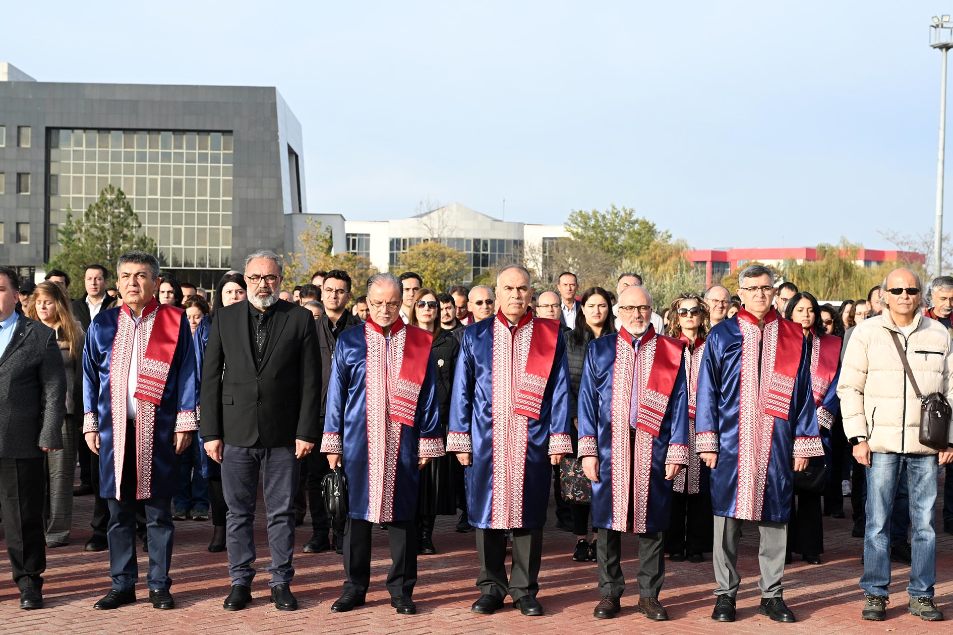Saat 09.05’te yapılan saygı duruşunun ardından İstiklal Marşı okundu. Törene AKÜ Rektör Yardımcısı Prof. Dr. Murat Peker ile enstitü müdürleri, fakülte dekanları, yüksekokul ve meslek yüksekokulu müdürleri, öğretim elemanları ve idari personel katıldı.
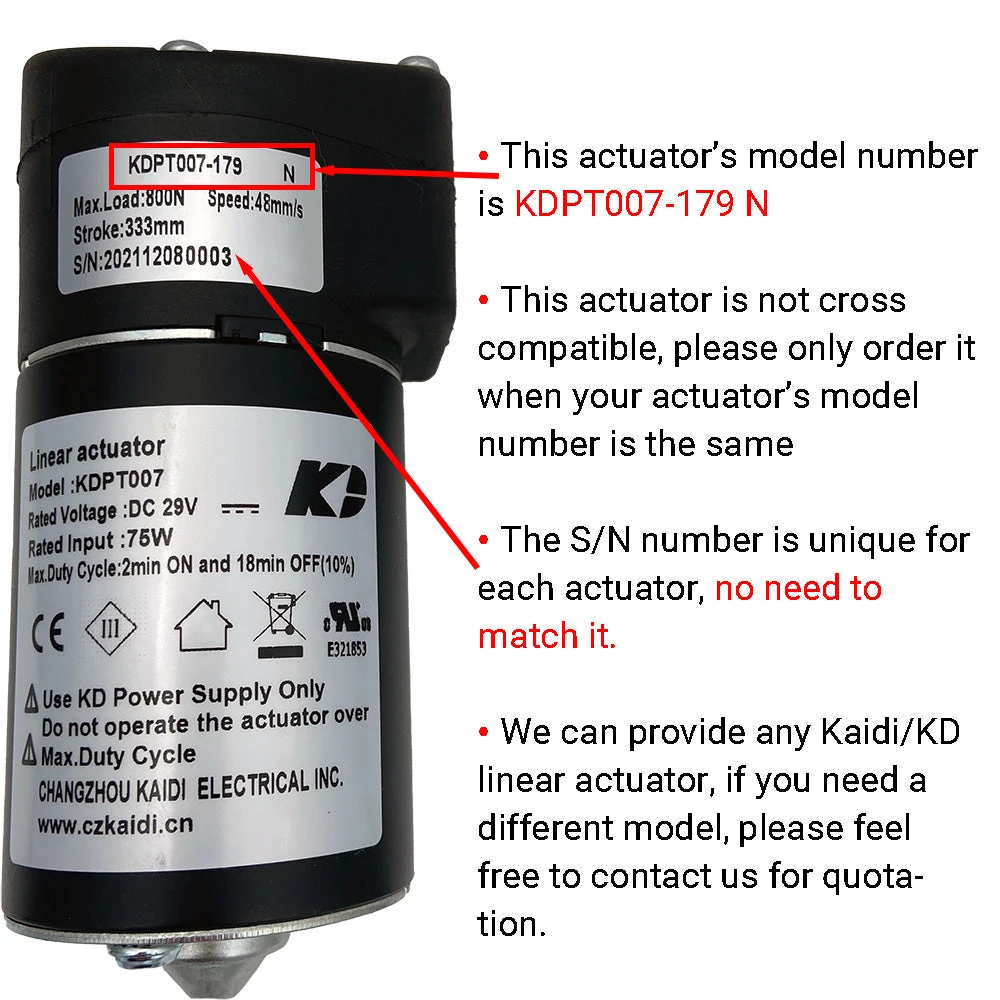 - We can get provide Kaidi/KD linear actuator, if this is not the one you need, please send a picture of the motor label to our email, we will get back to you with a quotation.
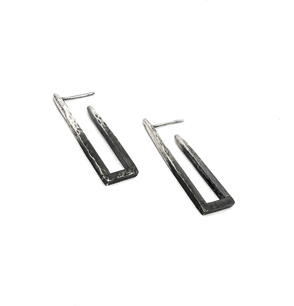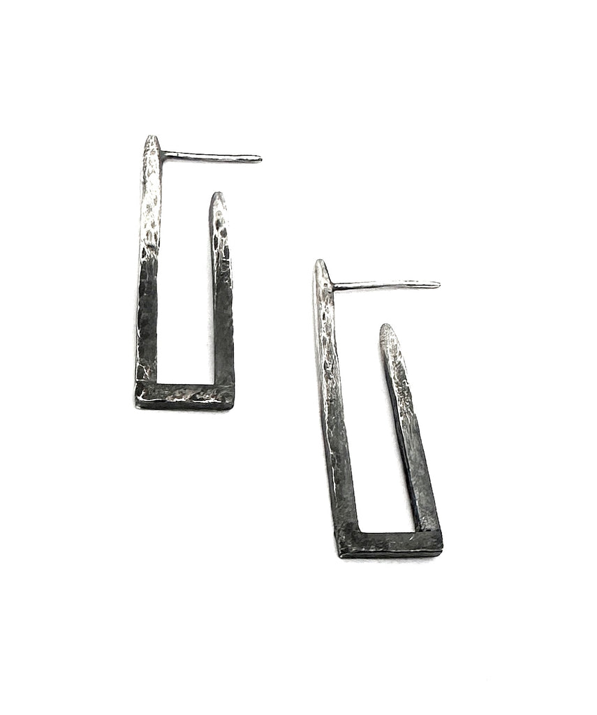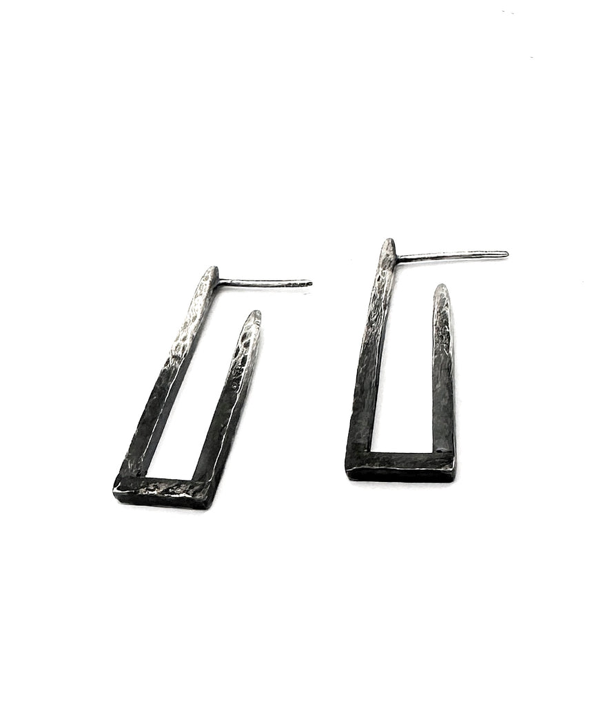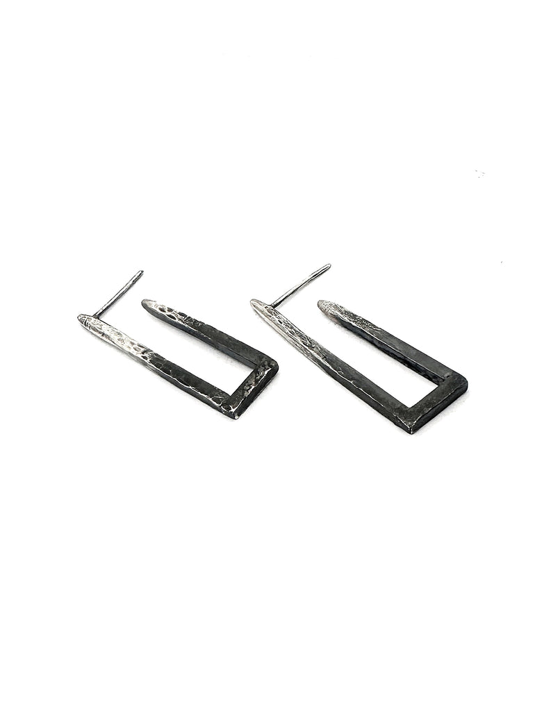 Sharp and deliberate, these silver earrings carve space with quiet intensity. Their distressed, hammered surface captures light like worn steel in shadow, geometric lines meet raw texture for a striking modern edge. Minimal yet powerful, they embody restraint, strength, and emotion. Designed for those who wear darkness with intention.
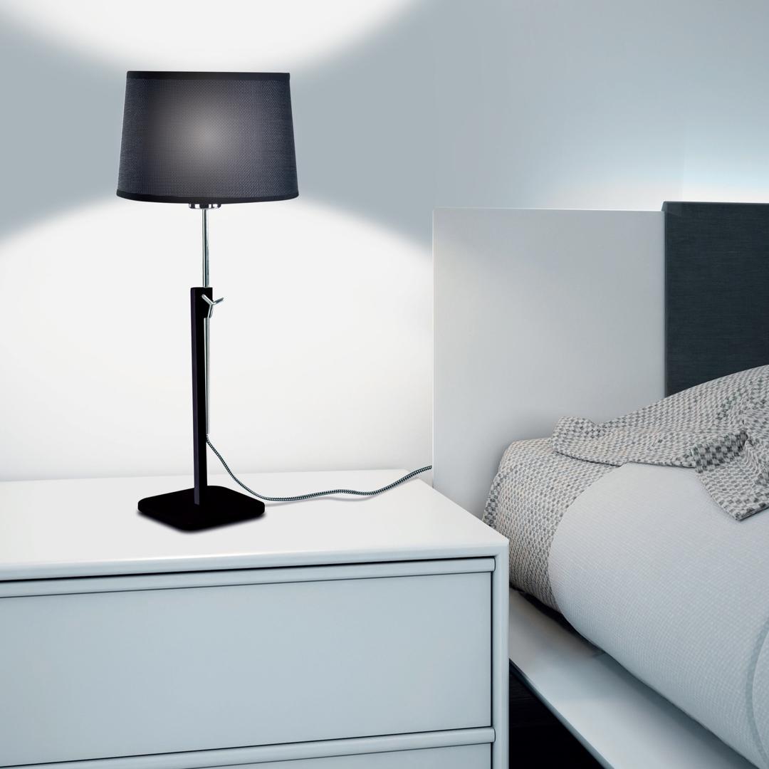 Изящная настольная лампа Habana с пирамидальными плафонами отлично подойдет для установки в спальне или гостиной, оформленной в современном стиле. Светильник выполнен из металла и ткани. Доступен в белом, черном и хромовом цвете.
——
§ TO DO
Begin the copy at the line containing "- We can get" and end it at the final line of the material above, reproducing each line exactly and omitting pictures.

§ RESPONSE BOX
 - We can get provide Kaidi/KD linear actuator, if this is not the one you need, please send a picture of the motor label to our email, we will get back to you with a quotation.
 Sharp and deliberate, these silver earrings carve space with quiet intensity. Their distressed, hammered surface captures light like worn steel in shadow, geometric lines meet raw texture for a striking modern edge. Minimal yet powerful, they embody restraint, strength, and emotion. Designed for those who wear darkness with intention.
 Изящная настольная лампа Habana с пирамидальными плафонами отлично подойдет для установки в спальне или гостиной, оформленной в современном стиле. Светильник выполнен из металла и ткани. Доступен в белом, черном и хромовом цвете.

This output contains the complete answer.